0

I am using ubuntu 16.04, with GPU Geforce 1080, 8 GB GPU memory.

I have properly created TF-record files, and I trained the model successfully. However I still have two problems.

I did the following steps and I still have two problems, just tell me please what I am missing:-

I used VOCdevkit and I properly created two files which are:- pascal_train.record and pascal_val.record

Then,

1- From this link, I used the raccoon images, I placed them into the following directory models/object_detection/VOCdevkit/VOC2012/JPEGImages (after I deleted the previous images).

Then, I used the raccoon annotation, I placed them into the following directory models/object_detection/VOCdevkit/VOC2012/Annotation (after I deleted the previous ones).

2- I modified the models/object_detection/data/pascal_label_map.pbxt and I wrote one class name which is 'raccoon'

3- I used ssd_mobilenet_v1_pets.config. I modified it, the number of class is only one and I did not train from scratch, I used ssd_mobilenet_v1_coco_11_06_2017/model.ckpt

   fine_tune_checkpoint: "/home/jesse/abdu-py2/models/model/ssd_mobilenet_v1_coco_11_06_2017/model.ckpt"

  from_detection_checkpoint: true

4- From this link I arrange my data structure which is like that:-

  1. models

    1.1 model

     1.1.1 ssd_mobilenet_v1_pets.config
    
     1.1.2 train
    
     1.1.3 evaluation
    
     1.1.4 ssd_mobilenet_v1_coco_11_06_2017/model.ckpt
    

    1.2 object_detection

    1.2.1 data that contains (pascal_train.record, pascal_val.record, and pascal_label_map.pbtxt)

    1.2.2 VOCdevkit

    1.2.2.1 VOC2012
    
       1.2.2.1.1 JPEGImages (my own images)
    
          1.2.2.1.2 Annotations (raccoon annotation)
          1.2.2.1.3 ImageSets
            1.2.2.1.3.1 Main (raccoon_train.txt,raccoon_val.txt,raccoon_train_val.txt)       
    

5- Now, I will train my model

(abdu-py2) jesse@jesse-System-Product-Name:~/abdu-py2/models$ python object_detection/train.py --logtostderr --pipeline_config_path=/home/jesse/abdu-py2/models/model/ssd_mobilenet_v1_pets.config --train_dir=/home/jesse/abdu-py2/models/model/train

Every thing looks fine, I created it many files like checkpoint and events.out.tfevents.1503337171 file (and others) after many thousands of training steps.
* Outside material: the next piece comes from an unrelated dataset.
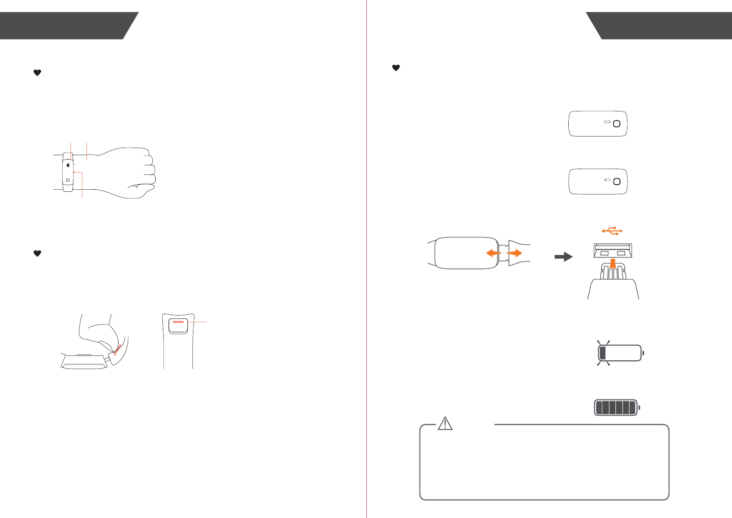 • Do not wear your Lifesense Band 2S while you are charging it.

However, my two problems are:-

1- Based on this link, I can not run evaluation eval.py (for memory reason) at the same time with train.py.

2- I tried to use events.out.tfevents.1503337171 file that I created from training steps, but it seems it has not been created correctly.
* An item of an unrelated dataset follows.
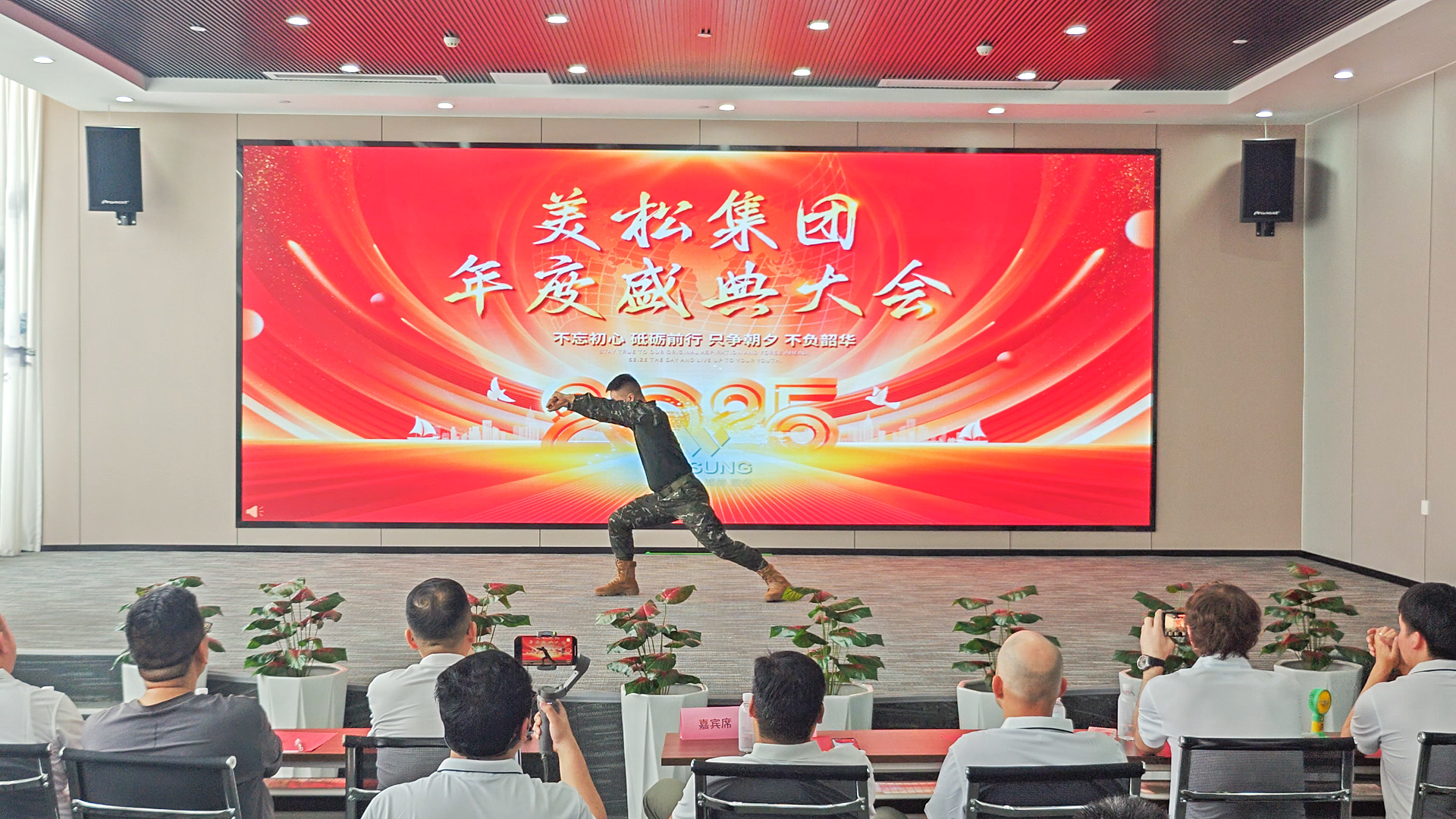 下午13:30,美松集团中试大楼一楼大堂签到处,美松人井然有序签到并获得纪念品的同时有序入场就座,迎接今天的特殊环节-美松集团2025年度盛典大会.

So, I don't know where I am mistaken, I think my data structure is not correct, I tried to arrange it based on my understanding.

Thanks in advance

Edit:-

Regarding Q2/

I figured it out how to convert the events files and model.ckpt files (that I created them from training process) to inference_graph_.pb . The inference_graph_.pb could be tested later with object_detection_tutorial.ipynb. For my case I tried it, but I could not detect anything since I am mistaken somewhere during train.py process.
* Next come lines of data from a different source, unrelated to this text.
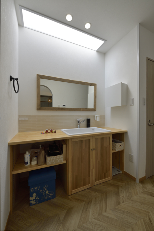 回遊性のある動線設計は水回りにも採用されています。家の西側には、LDKと平行するようにサニタリーが直線上に並び、さらにクローゼットを通り抜けて主寝室ともつながっています。LDKとの間にはキッチン・ダイニングそれぞれにアクセスできる通路があり、家事や身の回りのことを効率的に行えるほか、「バックヤード全体が明るく清潔な雰囲気になるように、洗面室上部にトップライトを入れてもらいました」といった工夫も施されています。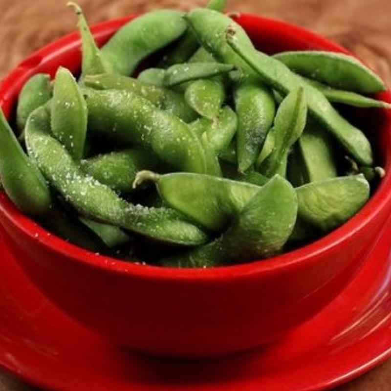 Young green soybeans steamed in their pods. A healthy plant-based protein rich in vitamins, dietary fiber, and isoflavones is associated with a reduced risk of breast cancer recurrence.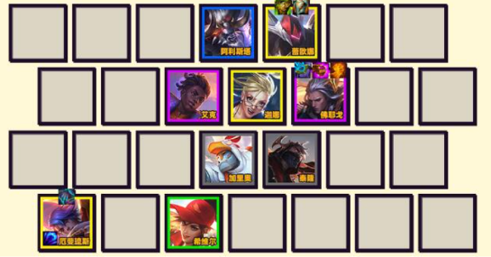 佛耶戈携带科技枪与珠光护手担任主C,4福牛羁绊提供残局反打能力。厄斐琉斯作为物理副C补充输出,3混沌战士增强爆发伤害。需注意保持希维尔存活以维持攻速加成。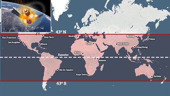 Hay nói rõ hơn là các mảnh vỡ của Thiên Cung 1 có thể phân tán khắp các thành phố lớn, như LA, New York của Mỹ, hoặc các nước châu Âu như Pháp, Tây Ban Nha, Ý,... Đáng chú ý, các nước châu Á trong đó có Việt Nam cũng nằm trong vùng nguy hiểm theo dự báo của ESA.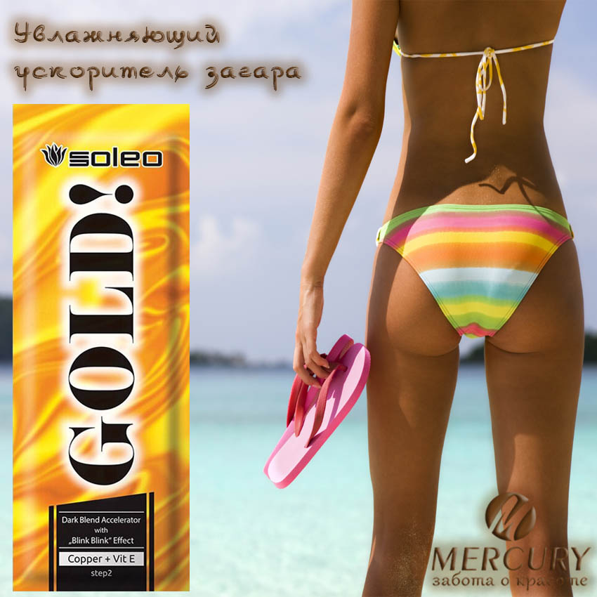 Soleo Gold - это сильно увлажняющий ускоритель загара с чудесными минеральными золотыми микрочастицами, витаминами Е и С, алое и водорослями, с прекрасным запахом солнечного лета.

The following steps convert the trained files to .pb files

(abdu-py2) jesse@jesse-System-Product-Name:~/abdu-py2/models$ python object_detection/export_inference_graph.py \

--input_type image_tensor  \

 --pipeline_config_path /home/jesse/abdu-py2/models/model/ssd_mobilenet_v1_pets.config \

--trained_checkpoint_prefix /home/jesse/abdu-py2/models/model/train/model.ckpt-27688 \

 --output_directory /home/jesse/abdu-py2/models/model
Abduoit
  • 13
  • 2
  • 7

2 Answers2

0

Question 1 - this is just a problem that you'll encounter because of your hardware. Once you get to a point where you'd like to a evaluate the model, just stop your training and run your eval command (it seems as though you've successfully evaluated your model, so you know the command). It will provide you a some metrics for the most recent model checkpoint. You can iterate through this process until you're comfortable with the performance of your model.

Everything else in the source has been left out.